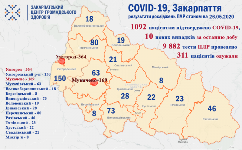 - Загалом по області станом на 26 травня 2020 року 1092 хворим встановлено діагноз COVID-19. З них 247 – медичні працівники та 70 -діти. Проведено 9 882 досліджень на полімеразну ланцюгову реакцію;
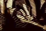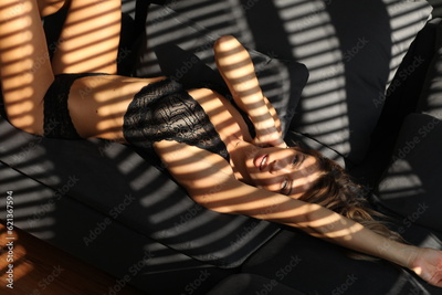 Beautiful woman in lingerie on the sofa in the light of the blinds.
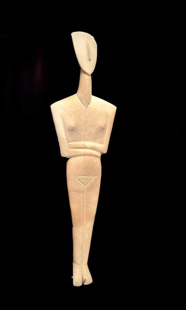 This museum houses one of the most complete private collections of Cycladic Art worldwide. We saw a number of the famous, almost translucent white marble female figurines as well as vases, tools, weapons and pottery from the distinctive Cycladic culture (3300 – 2000 BCE). The female figurines typically have their arms folded across their body and although they are striking in white, we learned the artists would have typically painted them.
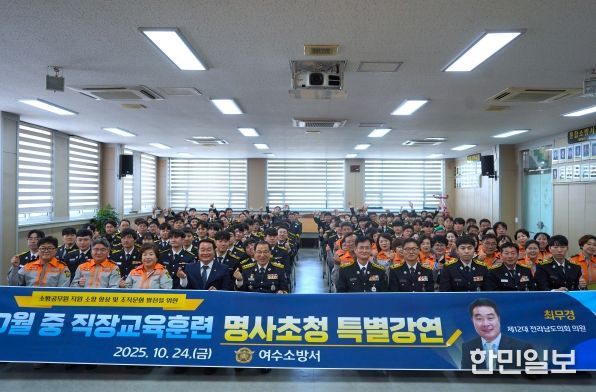 한민일보 서울포커스 임광현 기자 | 여수소방서(서장 서승호)는 10월 24일 본서에서 전 직원 및 의용소방대원을 대상으로 청렴·소통 강화 및 전기차 화재대응 특별교육, 명사 초청 공직자 교육을 실시했다.

PROBLEM TO WORK ON:
Leaving every picture out, write out exactly the lines from the beginning of the listing above to the line with "Beautiful woman in", inclusive.

RESPONSE TO THE EXERCISE:
 - Загалом по області станом на 26 травня 2020 року 1092 хворим встановлено діагноз COVID-19. З них 247 – медичні працівники та 70 -діти. Проведено 9 882 досліджень на полімеразну ланцюгову реакцію;
 Beautiful woman in lingerie on the sofa in the light of the blinds.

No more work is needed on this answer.